* [What needs to be done]: The entries below should be quoted exactly, with no pictures carried over.

====== Source material

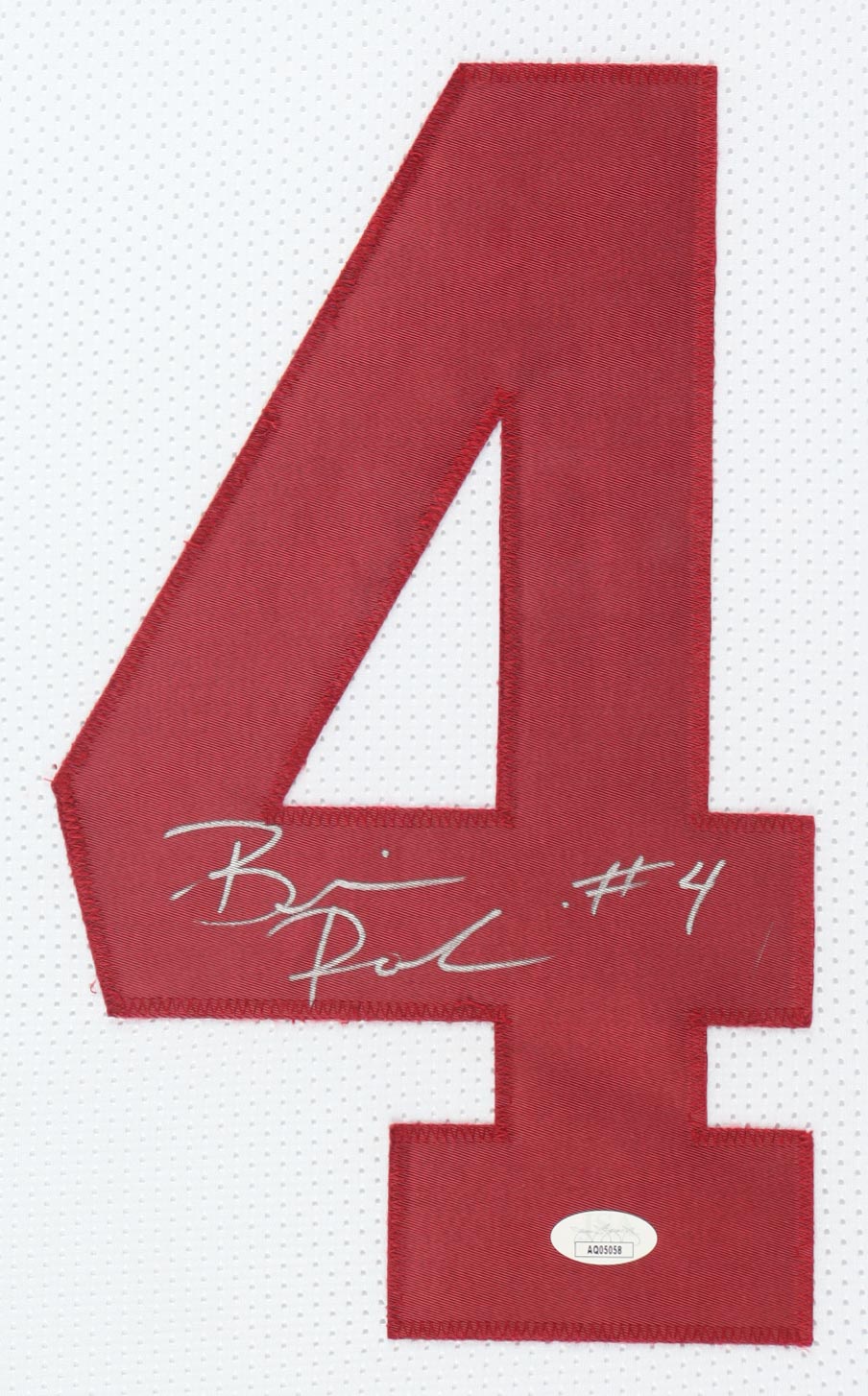 Custom frame measures approximately 35" x 38" in size and features a jersey that has been hand-signed by Brian Robinson Jr. Display also includes (2) 8" x 10" photos.
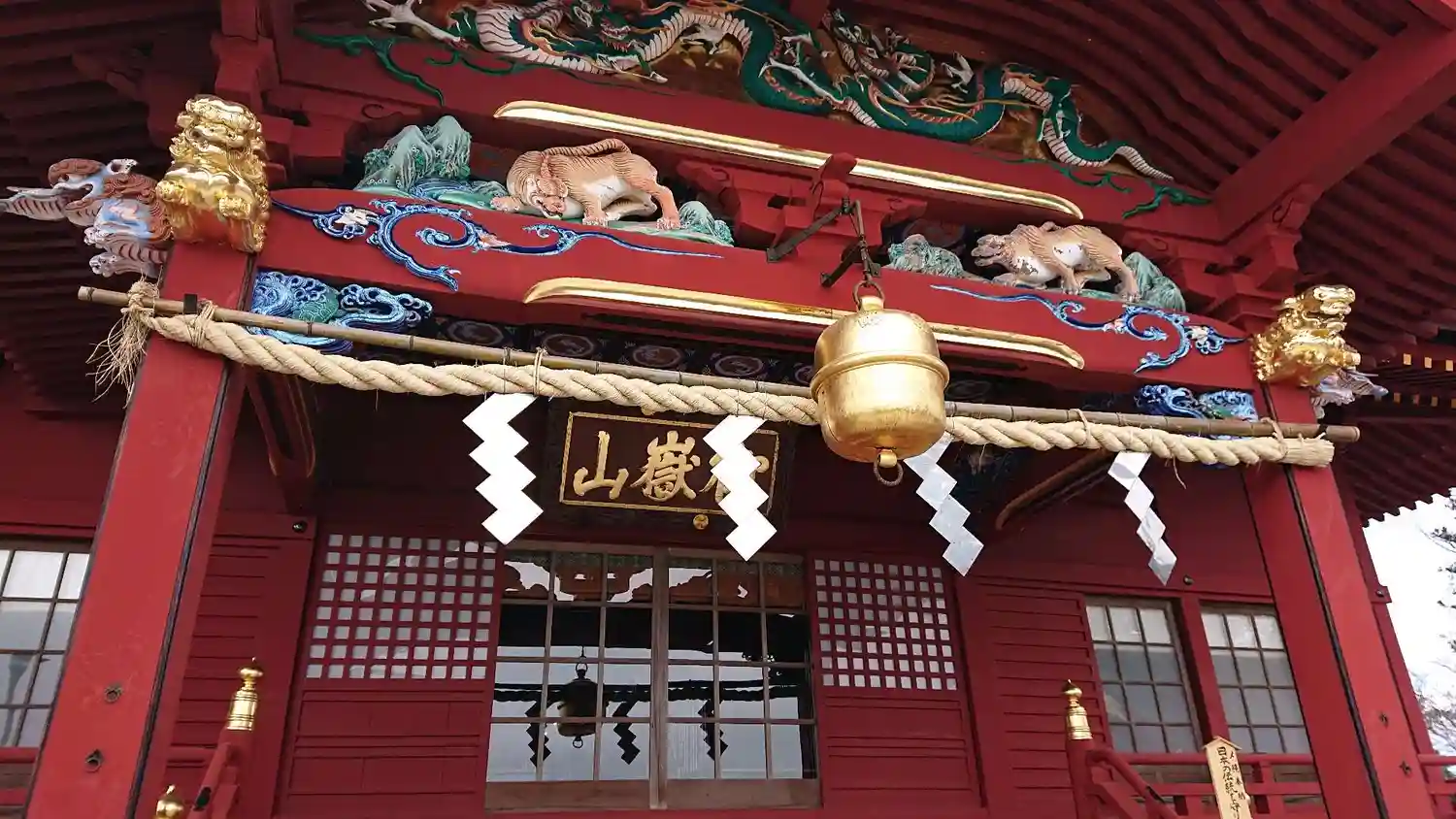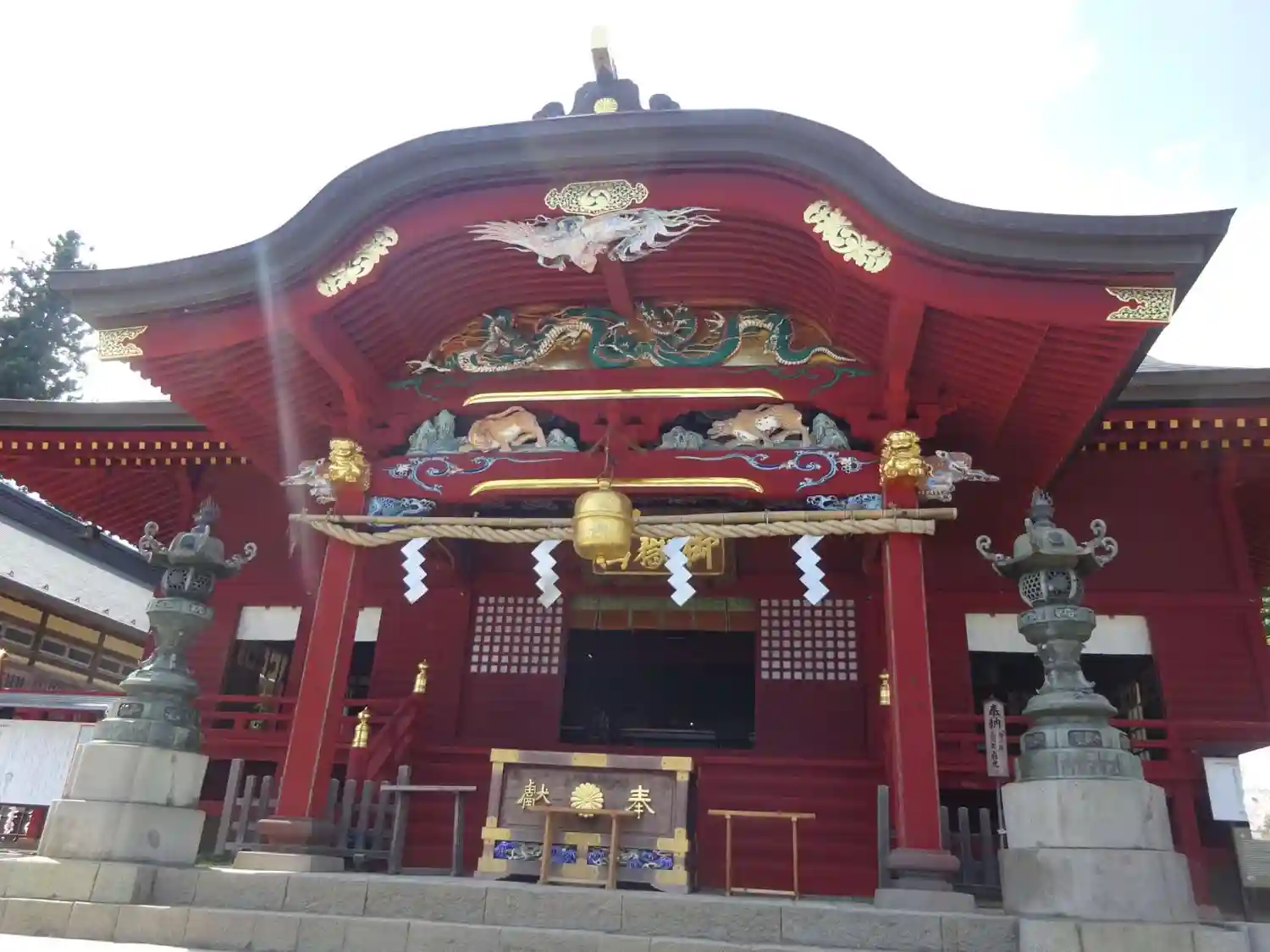 朱塗りの建物と唐破風向拝の極彩色の彫刻が色鮮やかな<拝殿>。五間社入母屋造。
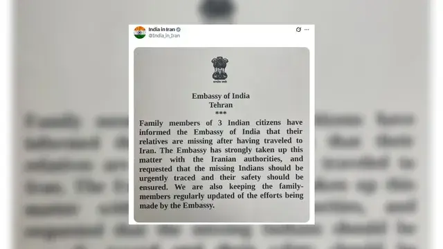 बुधवार को भारतीय दूतावास ने एक आधिकारिक बयान में कहा, “तीन भारतीय नागरिकों के परिजनों ने दूतावास को सूचित किया है कि उनके परिजन ईरान यात्रा के बाद से लापता हैं। इस मामले को हमने मजबूती से ईरानी प्रशासन के समक्ष उठाया है और अनुरोध किया है कि लापता नागरिकों को जल्द खोजा जाए और उनकी सुरक्षा सुनिश्चित की जाए।”
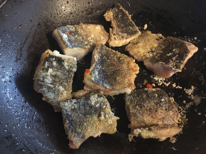 - В вок добавляем масло, разогреваем его хорошо. Кладем в разогретый вок рыбу, шкуркой вниз. Обжариваем 2 минуты.
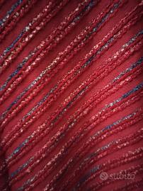 Ampio scialle vintage anni 80 stile gipsy con lunghe frange larghezza cm 84 lunghezza punta con frange cm 100 di un bellissimo colore mattone con strisce trasversali multicolori
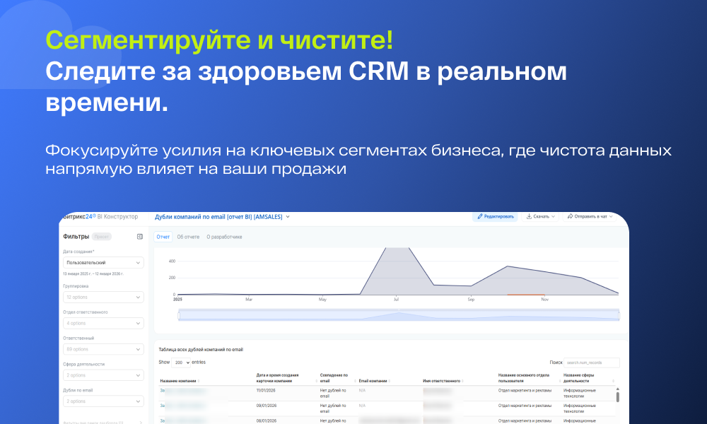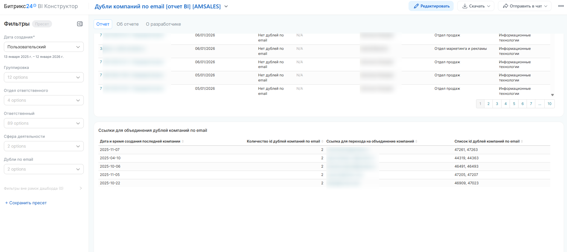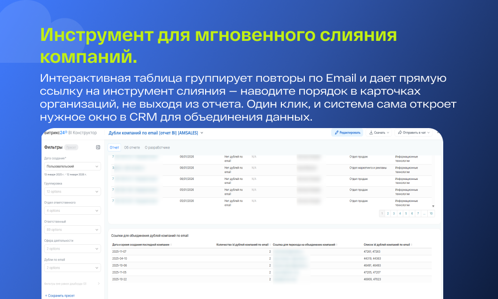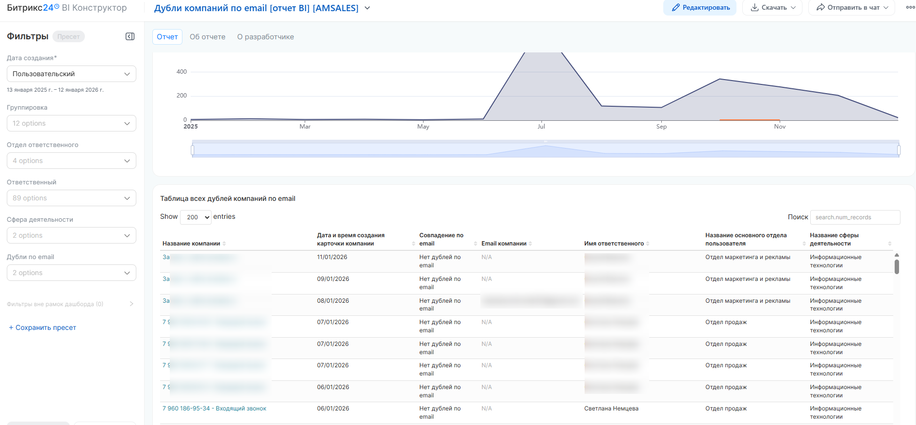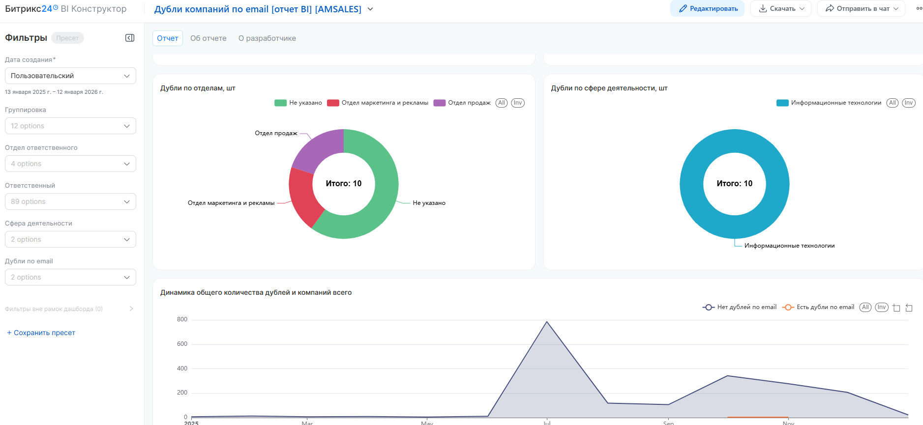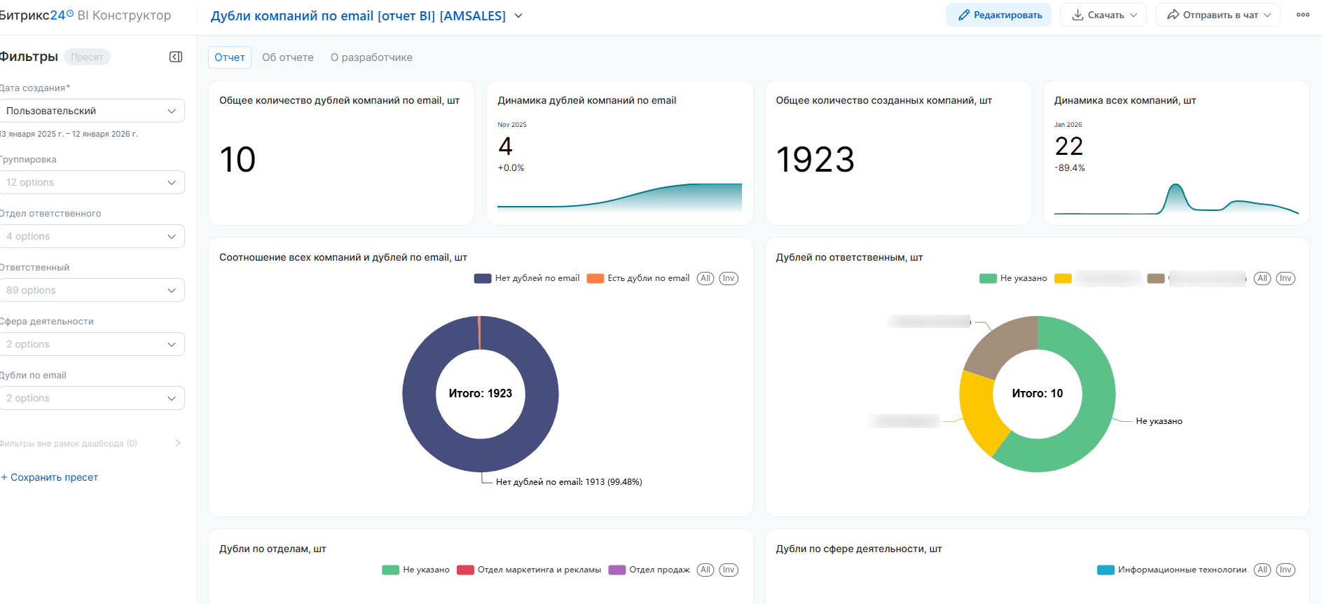 Решение: Контроль чистоты данныхНаш BI-отчет для Битрикс24 — это эффективный инструмент для наведения порядка в CRM. Он решает проблему дублирования компаний по ключевому уникальному признаку — Email-адресу.

============

* [Exercise solution]:
 Custom frame measures approximately 35" x 38" in size and features a jersey that has been hand-signed by Brian Robinson Jr. Display also includes (2) 8" x 10" photos.
 朱塗りの建物と唐破風向拝の極彩色の彫刻が色鮮やかな<拝殿>。五間社入母屋造。
 बुधवार को भारतीय दूतावास ने एक आधिकारिक बयान में कहा, “तीन भारतीय नागरिकों के परिजनों ने दूतावास को सूचित किया है कि उनके परिजन ईरान यात्रा के बाद से लापता हैं। इस मामले को हमने मजबूती से ईरानी प्रशासन के समक्ष उठाया है और अनुरोध किया है कि लापता नागरिकों को जल्द खोजा जाए और उनकी सुरक्षा सुनिश्चित की जाए।”
 - В вок добавляем масло, разогреваем его хорошо. Кладем в разогретый вок рыбу, шкуркой вниз. Обжариваем 2 минуты.
 Ampio scialle vintage anni 80 stile gipsy con lunghe frange larghezza cm 84 lunghezza punta con frange cm 100 di un bellissimo colore mattone con strisce trasversali multicolori
 Решение: Контроль чистоты данныхНаш BI-отчет для Битрикс24 — это эффективный инструмент для наведения порядка в CRM. Он решает проблему дублирования компаний по ключевому уникальному признаку — Email-адресу.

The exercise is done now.